Homeowners who are in the unfortunate position of being “upside down on their mortgage”, a situation that simply means they owe more than the property is worth, might be hard-pressed to think of something that can be worse. This is exactly why homeowners need to be cognizant of all the facts before they make any financial decisions.
What is a Short-Sale?
A short sale is sometimes proposed as a solution to help homeowners who are facing foreclosure. There there are several factors to consider. A short sale occurs when the bank or mortgage lender agrees to allow the homeowner to sell the property for less than the balance outstanding on the loan and the lender also agrees to accept the loss incurred on the deal.
This type of arrangement might sound like it was heaven-sent. After all, the homeowner gets to be free of the loan obligation because the lender generously agreed to accept less than the amount owed. In reality, things are not so clear cut. Firstly, the lender is not necessarily generous, but smart, because they may foresee that their chances of collecting on the mortgage would be much worse if they allowed it to go into foreclosure. Secondly, there is no such thing as a free lunch. The homeowner might receive a 1099-A tax form in the mail and then realize that taxes are due on the forgiven amount.
How can this be? It might seem dreadfully unfair to burden someone who is clearly under financial strain, as evidenced by the loss of their home, with additional taxes owed, but this is the law. The IRS considers the forgiven liability to be income and demands that it be taxed as such.
Short-Sale Example
Putting some actual figures to the equation might make the situation clearer. If Mr. Smith owes $400,000 on his home and it goes under a short sale which manages to realize $300,000, the difference of $100,000 is forgiven under the agreement signed by the lender. However, in the eyes of the IRS, this is the same as a financial gift, because under any other circumstances Mr. Smith would have been required to pay the $100,000 and so he is in effect $100,000 richer. Mr. Smith would then be required to pay taxes on that $100,000.
This matter was looked at before and the result was the Mortgage Forgiveness and Liability Relief Act of 2007, which gives some relief to homeowners caught in this situation. The act is due to expire on December 31, 2012 so there is some time to benefit from its clauses.
When a Short-Sale Is Not Taxable
Under this act liability that is forgiven because of situations leading to foreclosure are excluded as income and so will not be taxable.

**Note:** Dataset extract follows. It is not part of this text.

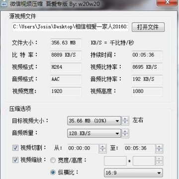 用法很简单,点击“打开文件”按钮选择一个视频文件,然后设置所需的压缩视频大小,最后点击“压缩”按钮开始视频压缩。

However, there are several conditions that must apply if the homeowner is to seek refuge from taxes under this act. The stipulations are listed below;
- Second homes and investment properties do not apply for this relief. It is reserved for people defaulting on a mortgage for their primary residence.
- Married persons may be forgiven up to $2 million while single persons can claim up to $1 million.
- Home equity loans of refinanced mortgages are eligible as long as the funds were used to improve the home, or in the case of refinancing, if the loan amount stayed the same or increased. If a home equity loan was used to purchase stocks or other investments or used for any other purpose than reinvested into the property, the amount will not be forgiven.
If you do qualify for liability forgiveness under the act you must still fill out your tax forms and attach Form 982 to support your forgiveness claim.
For those who find themselves in a position where you are responsible for a large tax bill, take the necessary steps to address the situation. This may include talking to a tax professional to determine what options are available to ensure you understand options available to you as well as what actions need to be taken to avoid problems with the IRS.